Software development nightmares

Nothing is more frightening than the realization that the software project which your institution started months ago is over due, over budget, and missing critical functionality.
Written by Marc Wagner, Contributor

In his article Student information systems, revisited, Chris Dawson reminds us of how important it is for your administrators (and your educators) to understand their system requirements before going shopping for software.  Many educational institutions (particularly K-12) are just now going through the the growing pains that many businesses (and larger universities) suffered through during the 1980's and 90's because process owners and software developers did not know enough about each others needs and capabilities.

Emerging technologies can be seductive -- and the (often misleading) promise of lower costs can easily lead administrators and educators alike to jump at poorly thought-out solutions -- and end up blaming the technology when things don't go well. 

First and foremost, educators (or anyone looking to technology for solutions) should understand that rarely are computer-based systems less-expensive than their human-based counterparts.  What they are is dramatically more efficient -- meaning that you can do more with the same manpower and money.  (This is not the same thing as doing the same amount of work for less money.)  And, as I have argued in the past about hardware, total cost of software ownership doesn't change much from solution to solution either.  However, that doesn't mean that poor planning doesn't take it's toll ... 

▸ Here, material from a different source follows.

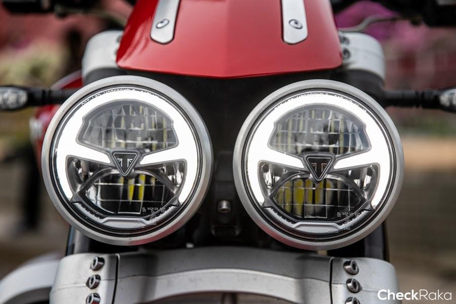 หลังคุ้นเคยกับตัวรถ ผมก็ลัดเลาะมาถนนแจ้งวัฒนะ ข้ามแยกปากเกร็ด ไม่นานก็ออกมาถึงทางหลวงหมายเลข 307 เพื่อมุ่งหน้าสู่ตัวเมืองปทุมธานี เส้นทางช่วงนี้เปิดโล่งใช้ความเร็วได้เต็มที่ พบว่าช่วงทำความเร็วในแต่ละเกียร์มีความยึดหยุ่นไม่น้อยด้วยแรงบิดที่ดี สามารถใช้เกียร์สองและสามในย่านความเร็วต่ำได้ง่าย และลากรอบยาวพาความเร็วทะลุเพดานความคิดไปได้อย่างน่าประทับใจ เช่น เกียร์สาม ลองเร่งจากความเร็ว 40 กม./ชม. เปิดแบบขอสัมผัสแรงบิดขนาด 221 นิวตันเมตร เต็มๆ หน่อย และแทบจะทันทีเหมือนโดนถีบจากด้านหลัง ตัวรถพุ่งทะยานไปข้างหน้าด้วยแรงจีแบบที่ไม่เคยรู้สึกมาก่อน เหลือบมองความเร็วบนหน้าปัดอยู่ที่ 155 กม./ชม. ต้องยกเลยแม้ยังไปได้อีก ด้วยเป็นการขี่ทดสอบในหลายๆ ด้าน ไม่ใช่การหาตัวเลขด้านใดด้านหนึ่งอย่างจริงจัง การขี่ในวันแรกจึงเน้นความคุ้นเคยกับแรงบิด การแฮนด์ลิ่ง ฟิลลิ่งการเบรก และคุ้นกับมิติตัวรถ ผู้เขียนมาจอดพักที่ร้านกาแฟ พาเรโต้ คัฟเฟ่ ร้านเก๋ๆ บนถนนพัฒนสัมพันธ์ ก่อนจิบกาแฟรอพระอาทิตย์ตกดิน ค่อยเดินทางต่อ ระบบไฟส่องสว่างของ ร็อคเกต 3 อาร์ ด้านหน้าเป็นแอลอีดีคู่ให้ความสว่างกระจ่างชัดเจนดีมาก จริงๆ ก็เป็นแอลอีดีทุกจุดรอบคัน แสงไฟจากหน้าจอมัลติฟังก์ชันแบบ TFT ให้ความชัดเจนและรวดเร็วในการอ่านค่าต่าง

In truth, the problems leading to failed projects are two-fold.  To be sure, they lie in large part with the ISV (independent software vendor) who may be quick to underestimate the scope of a job -- especially if they are inexperienced and need the business.  Watch out for any vendor willing to 'cut you a deal' to get in the door with you.  (They may very well be the lowest bidder for a reason.  In the end, you get what you pay for, whether you understand what you are paying for or not.) 

Ultimately, hiring an ISV ought to be taken as seriously as hiring any other employee with whom you intend to entrust sensitive personal information.  To lose or distort (or worse, make vulnerable to hacking) such information could bring down an entire institution. 

To make matters worse, those unfamiliar with computer-based systems are easily misled into believing that all you need to do is take your current paper-based process and turn your forms into web pages and then store the information electronically.  The temptation then is to turn around and print out the information recorded in their nice new 'electronic file cabinet' and put it back into real file cabinets for easy access and back up! 

Far too often, those seeking computer-based solutions for the first time try to convert antiquated paper-based systems without understanding how those systems work and why they are designed as they are.  Since most such systems were developed long ago, the assumption that they are the best that they can be is inherently flawed. 

Before moving to any custom software-based solution, you, your administrators, and your educators, need to spend some time analyzing your current system -- it's strengths and its weaknesses -- from each perspective.  Your efforts should result in two lists.  A list of must-haves and a list of like-to-haves.  Only then can you shop for an ISV armed with the knowledge your ISV will need to build the system that your institution requires.